Deborah F. Kelly is an American biomedical engineer who is a professor at Pennsylvania State University. Her research makes use of cryogenic electron microscopy to better understand human development and disease. She serves as President of the Microscopy Society of America.

Early life and education 
Kelly attended Florida State University for graduate research. She moved to the Harvard Medical School for her postdoctoral research. After seven years as a research fellow at Harvard, Kelly joined the Virginia Tech School of Medicine as an assistant professor.

Research and career 
In 2017, Kelly was promoted to associate professor at Virginia Tech. She moved to Pennsylvania State University as Director of the Center for Structural Oncology in 2019.

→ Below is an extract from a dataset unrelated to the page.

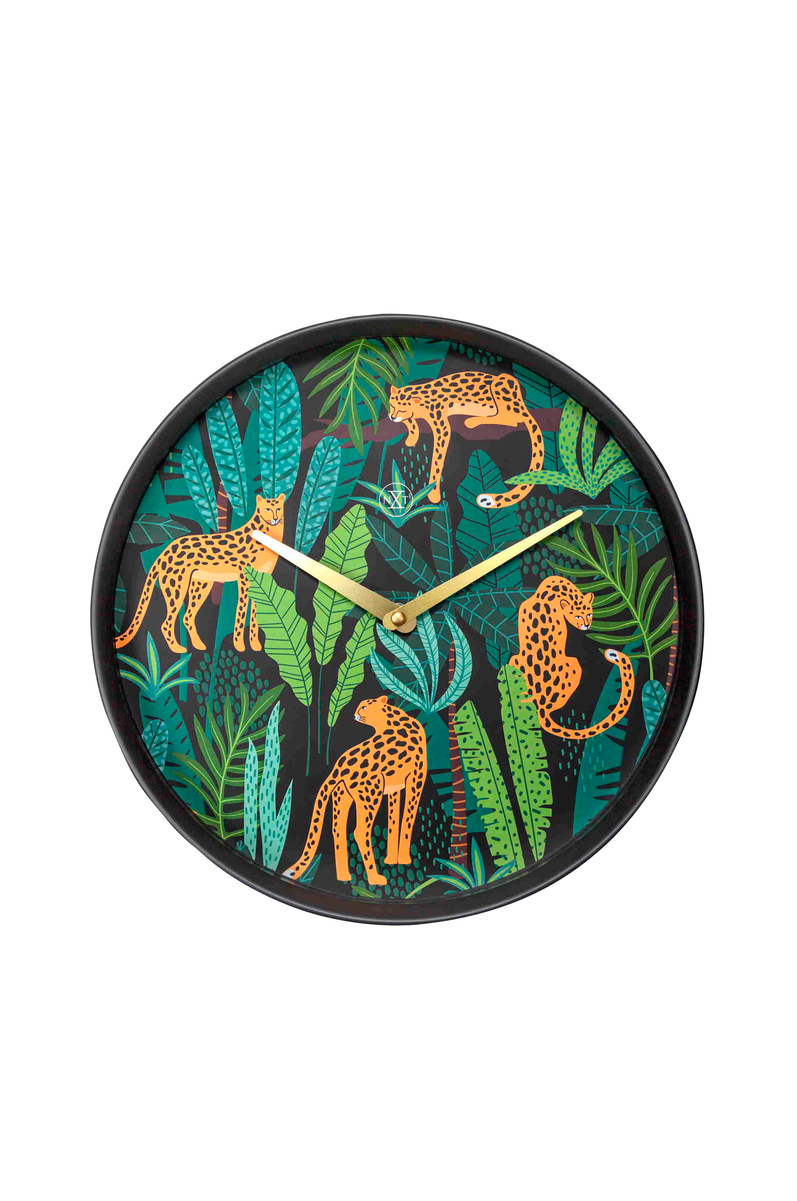 Trendy, rundt vægur med junglemotiver og elementer af leoparder. Et unikt og lydløst vægur til art deco-fans! Uret drives af et AA-batteri (medfølger ikke)Mål: Diameter 30 cmMateriale: PlastBatteri: 1 x AA (medfølger ikke)

Kelly combines structural and functional characterization tools to understand cellular communication. Amongst these, she has considered protein receptors. On the surfaces of cells, these receptors transmit information about cellular microenvironment to cellular nuclei. These signals can cause genes to turn off and on. Cancer cells can thrive when genes are activated inappropriately during cell division. These cancerous cells can evade conventional forms of treatment and are understood to result in the formation of malignant tumors. By determining the three-dimensional structure of these protein complexes Kelly hopes to design new therapeutic interventions.

Kelly makes use of cryogenic electron microscopy to visualize these cellular interactions. Specifically, she has developed a platform ('affinity capture') that can isolate the cells which cause metastasis. Kelly developed a microchip toolkit to identify mutations in BRCA1. These microchips, which she called cryo-chips, use silicon nitride to quickly identify, isolate and tether protein assemblies.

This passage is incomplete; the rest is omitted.